__Working data__
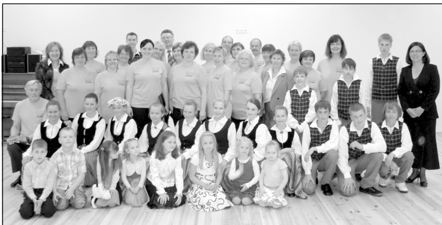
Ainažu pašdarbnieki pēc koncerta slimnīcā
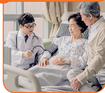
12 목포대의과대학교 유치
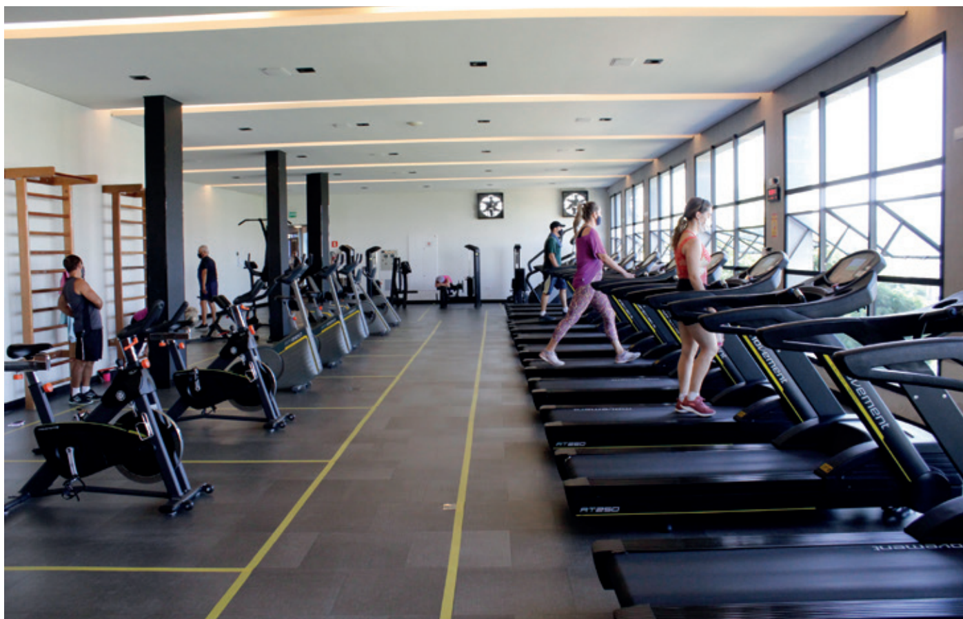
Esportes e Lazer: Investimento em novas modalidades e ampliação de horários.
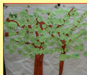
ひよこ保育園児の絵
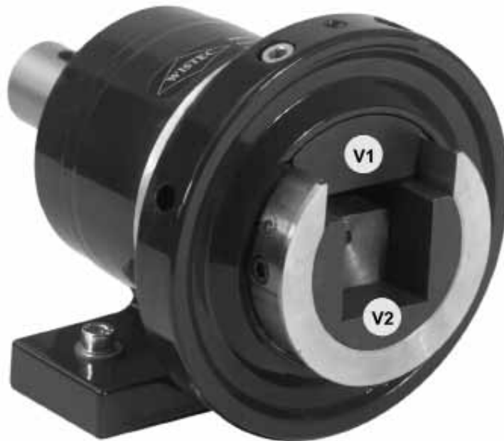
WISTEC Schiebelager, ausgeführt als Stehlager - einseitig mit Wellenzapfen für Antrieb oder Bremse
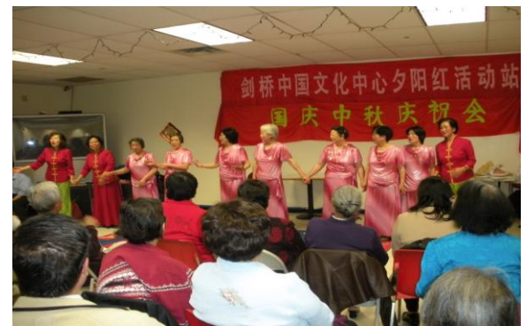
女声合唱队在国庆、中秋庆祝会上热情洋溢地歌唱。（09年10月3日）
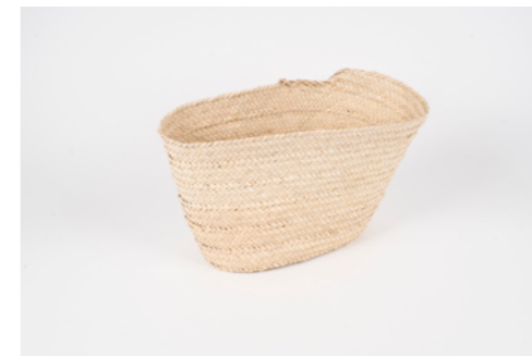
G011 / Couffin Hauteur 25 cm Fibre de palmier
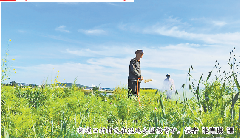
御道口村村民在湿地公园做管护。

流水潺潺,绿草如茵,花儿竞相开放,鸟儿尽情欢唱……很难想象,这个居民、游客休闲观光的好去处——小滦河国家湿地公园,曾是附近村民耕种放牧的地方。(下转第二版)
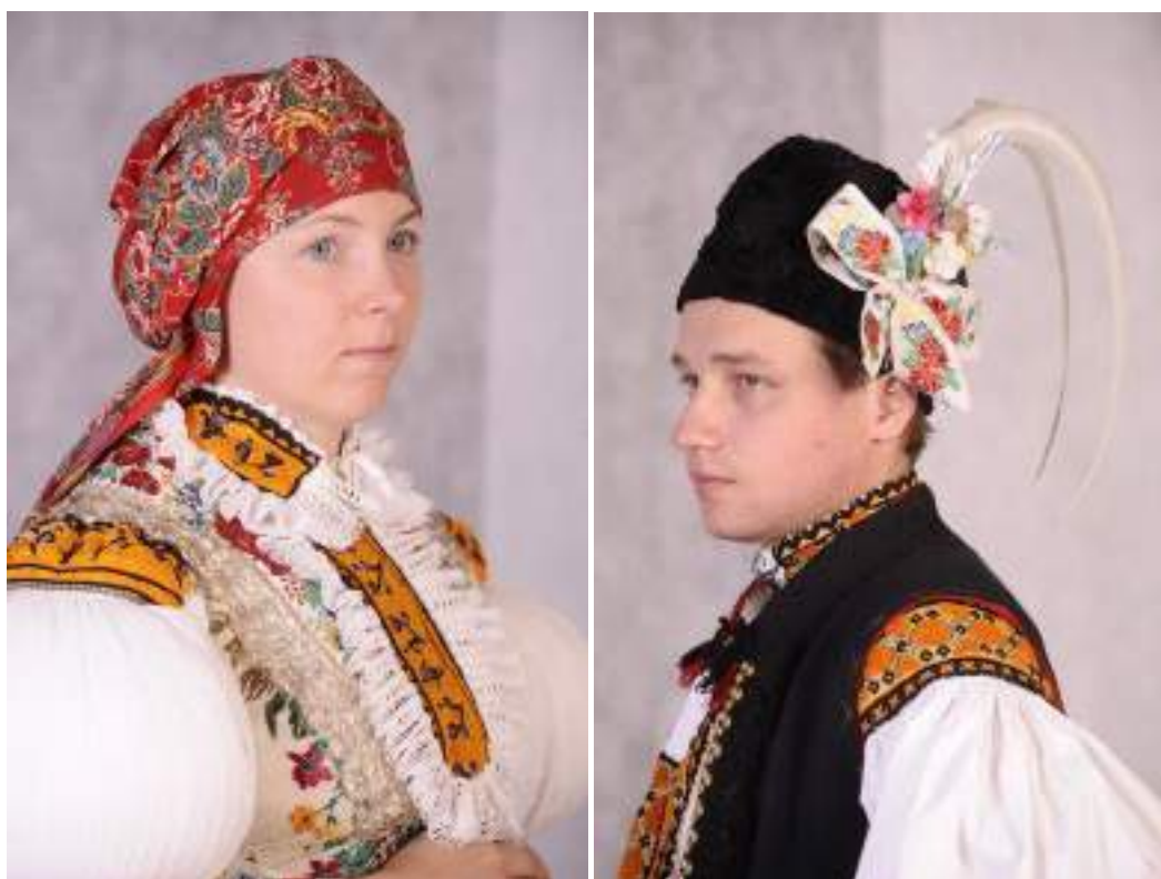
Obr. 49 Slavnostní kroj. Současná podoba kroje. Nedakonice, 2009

__Task item__
Using the listing above, write out exactly the lines from the one that holds "12 목포대의과대학교 유치" through the last line, both included, and omit pictures.

__Result for this task__
12 목포대의과대학교 유치
Esportes e Lazer: Investimento em novas modalidades e ampliação de horários.
ひよこ保育園児の絵
WISTEC Schiebelager, ausgeführt als Stehlager - einseitig mit Wellenzapfen für Antrieb oder Bremse
女声合唱队在国庆、中秋庆祝会上热情洋溢地歌唱。（09年10月3日）
G011 / Couffin Hauteur 25 cm Fibre de palmier
御道口村村民在湿地公园做管护。

流水潺潺,绿草如茵,花儿竞相开放,鸟儿尽情欢唱……很难想象,这个居民、游客休闲观光的好去处——小滦河国家湿地公园,曾是附近村民耕种放牧的地方。(下转第二版)
Obr. 49 Slavnostní kroj. Současná podoba kroje. Nedakonice, 2009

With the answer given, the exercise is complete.